The name of this blog, Rainbow Juice, is intentional.
The rainbow signifies unity from diversity. It is holistic. The arch suggests the idea of looking at the over-arching concepts: the big picture. To create a rainbow requires air, fire (the sun) and water (raindrops) and us to see it from the earth.
Juice suggests an extract; hence rainbow juice is extracting the elements from the rainbow, translating them and making them accessible to us. Juice also refreshes us and here it symbolises our nutritional quest for understanding, compassion and enlightenment.

Wednesday, 29 April 2015

Crime and Punishment (Book Review)

This is not Dostoevsky’s psychological masterpiece, but it does offer some psychological insights.  The subtitle alludes to this: “Offenders and Victims in a Broken Justice System.”  Russell Marks’ book is an unequivocal indictment of the current criminal justice system, with the author suggesting four problems with that system:
  1. It punishes on the basis that offenders make “bad choices” rather than tackling the structures that induce those choices.
  2. The system claims “equality” yet some communities (notably indigenous peoples) are not treated equally.
  3. Punishment often does more harm than good, and increases the risk of re-offending.
  4. Victims are mostly excluded from the process, making it difficult for them to move on.
Although Marks1 writes from an Australian perspective, he draws on research and experience in other culturally similar countries – primarily the US, UK and New Zealand.  The four problems he identifies are no less in these and many other nations that employ a similar adversarial, retributive approach to criminal justice.

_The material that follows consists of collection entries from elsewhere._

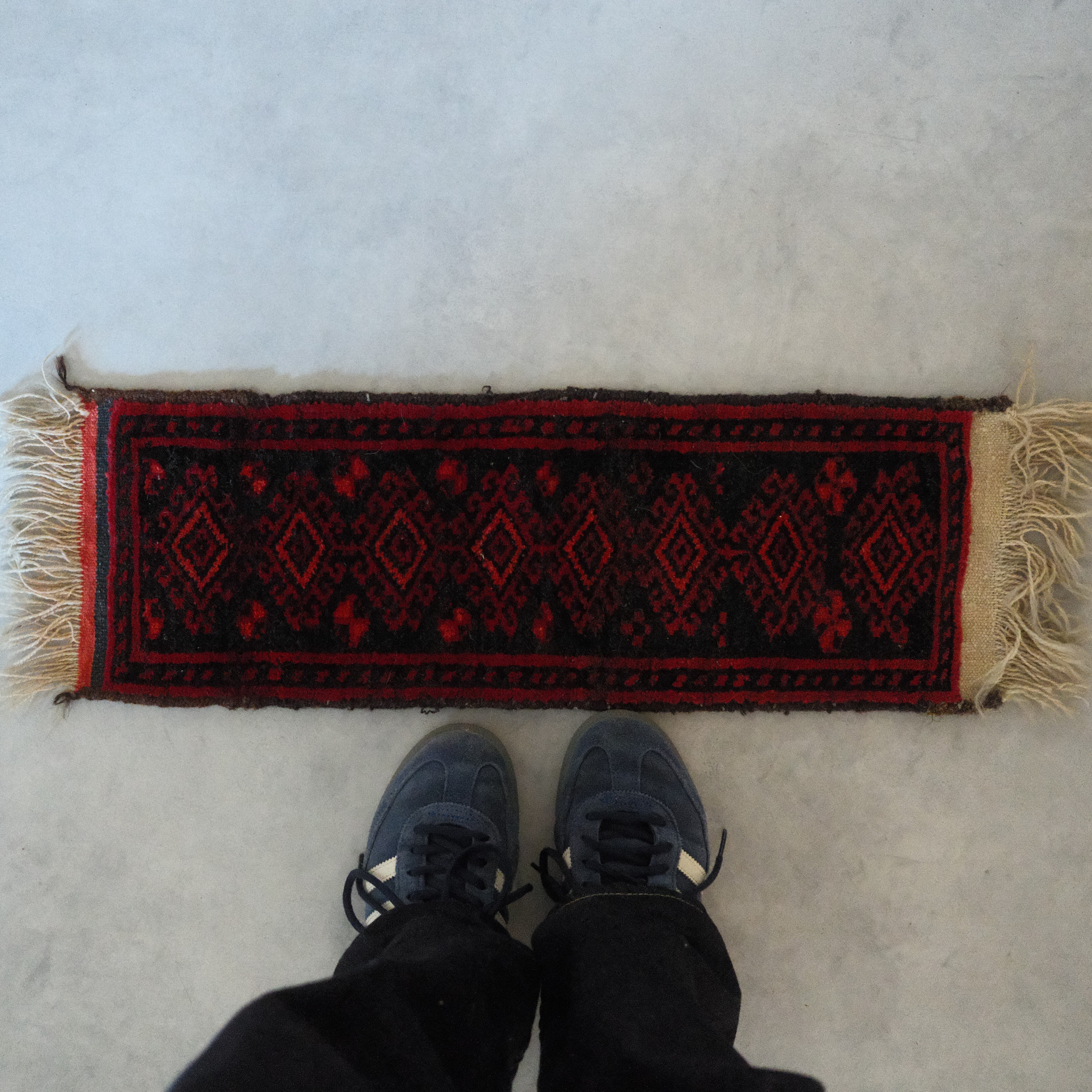 赤と黒で構成された、毛足の短いさらっとした肌触りのラグです。小さめのラグなので、花瓶敷にぴったりです。表裏同じ柄です。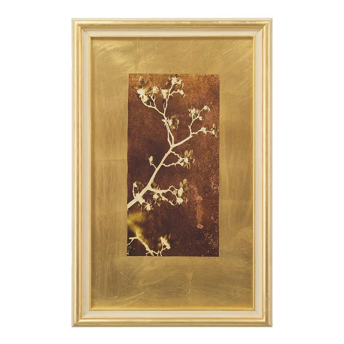 The simple image of branches with white blossoms takes a sophisticated turn with hand-finishing and a wide border of glowing gold metal leaf. The wooden molding is also hand-finished in ivory gesso and gold leaf.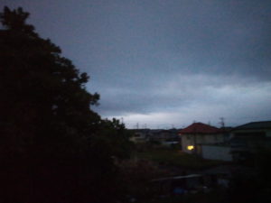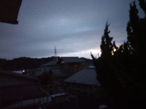 6時15分の空は暗いです。会社勤めの人達の車が真っ暗な中で強いライトを発して出て行きました。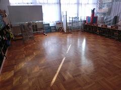 卒業式準備のために,5年生が体育館の大掃除とワックスがけを行いました。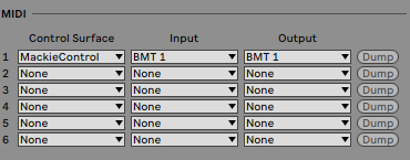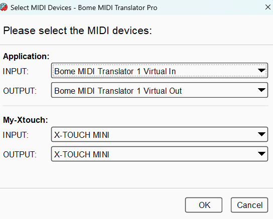 First, I assign aliases to my X-touch-MINI and to the ports that will be used by my Mackie MCU application. I used Ableton Live for testing.

Rather than presenting these issues as simply of philosophical interest, Marks presents a strong case for attending to them seriously and transparently.  Each problem is meticulously exposed, so much so that by the end of the book the reader is left wondering whether the current criminal justice system is in need of thorough revision, if not abandoning.

Underlying the four problems is a more fundamental problem; the system does not employ a problem-solving approach. 
“Prison doesn’t solve the problem (we) expect it to solve; it doesn’t rehabilitate,” he says, rather “it augments any existing problem for the offender and for society.”
Nor does it solve problems for victims. where they are often excluded from the process…
“… except as witnesses… (which keeps) victims effectively trapped in the ‘angry moment’.”
Unfortunately, says Marks, most victims rights associations only exacerbate this entrapment by focussing on rage an anger; again, failing to take a problem-solving approach.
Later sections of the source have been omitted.